Content starts

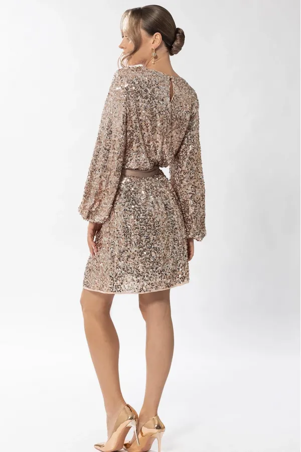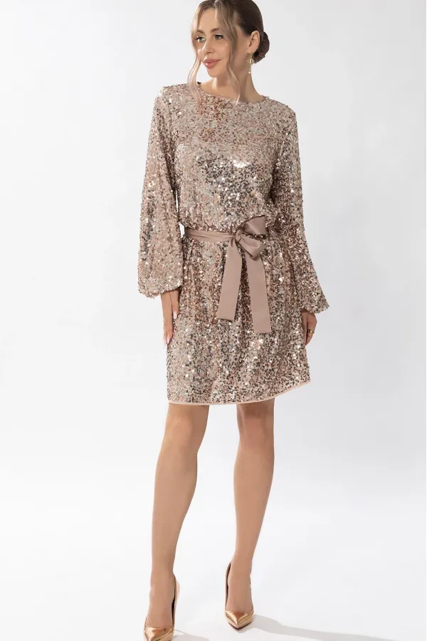 Цветовая гамма для верха, подкладки, фурнитуры, отделки: платье из ткани с пайетками, в одной цветовой гамме.
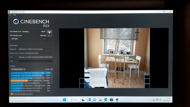 During Cinebench R23 Multi Core benchmark (AMD Ryzen 5 7600X)
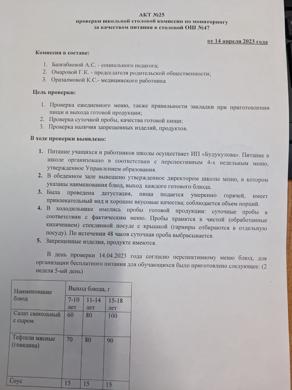 14 апрель 2023 0 1 2 3 4 5 Тамақтану сапасына мониторинг жүргізу актісі Тамақтану сапасына мониторинг жүргізу актісі
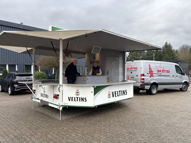 WeiterlesenAbgeholt und einsatzbereit: Ein neuer Ausschankwagen im markanten Look der Veltins Brauerei aus der Fertigung von CTR Fahrzeuge wurde von seinem Besitzer Getränkefachgroßhandel Jan Bitter GmbH aus Bad-Bentheim übernommen Mit seiner 4-leitigen Zapfanlage sorgt der GA 4000-8 EK Shirin für einen zügigen Ausschank – ideal für Feste, Feiern und Events jeder Art Der Getränkefachgroßhandel Bitter wird heute...
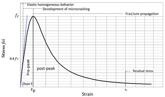 The strength () and the stress–strain relationship (, ) of unconfined concrete under uniaxial compression are the most used properties for the design and analysis of reinforced concrete structural elements [10,11,12] In engineering, knowledge of the complete stress–strain relationship is required to determine, for example, the deflection, ductility, and prestressing loss of members resisting compressive stress, such as reinforced or prestressed concrete beams, columns, foundations and arches [13]. The stress–strain response of concrete is also a fundamental property for modeling and simulating concrete structure behavior as well as for design purposes.

Content ends

Exercise requirements:
Whatever the records hold apart from pictures should be repeated exactly.

Answer box:
 Цветовая гамма для верха, подкладки, фурнитуры, отделки: платье из ткани с пайетками, в одной цветовой гамме.
 During Cinebench R23 Multi Core benchmark (AMD Ryzen 5 7600X)
 14 апрель 2023 0 1 2 3 4 5 Тамақтану сапасына мониторинг жүргізу актісі Тамақтану сапасына мониторинг жүргізу актісі
 WeiterlesenAbgeholt und einsatzbereit: Ein neuer Ausschankwagen im markanten Look der Veltins Brauerei aus der Fertigung von CTR Fahrzeuge wurde von seinem Besitzer Getränkefachgroßhandel Jan Bitter GmbH aus Bad-Bentheim übernommen Mit seiner 4-leitigen Zapfanlage sorgt der GA 4000-8 EK Shirin für einen zügigen Ausschank – ideal für Feste, Feiern und Events jeder Art Der Getränkefachgroßhandel Bitter wird heute...
 The strength () and the stress–strain relationship (, ) of unconfined concrete under uniaxial compression are the most used properties for the design and analysis of reinforced concrete structural elements [10,11,12] In engineering, knowledge of the complete stress–strain relationship is required to determine, for example, the deflection, ductility, and prestressing loss of members resisting compressive stress, such as reinforced or prestressed concrete beams, columns, foundations and arches [13]. The stress–strain response of concrete is also a fundamental property for modeling and simulating concrete structure behavior as well as for design purposes.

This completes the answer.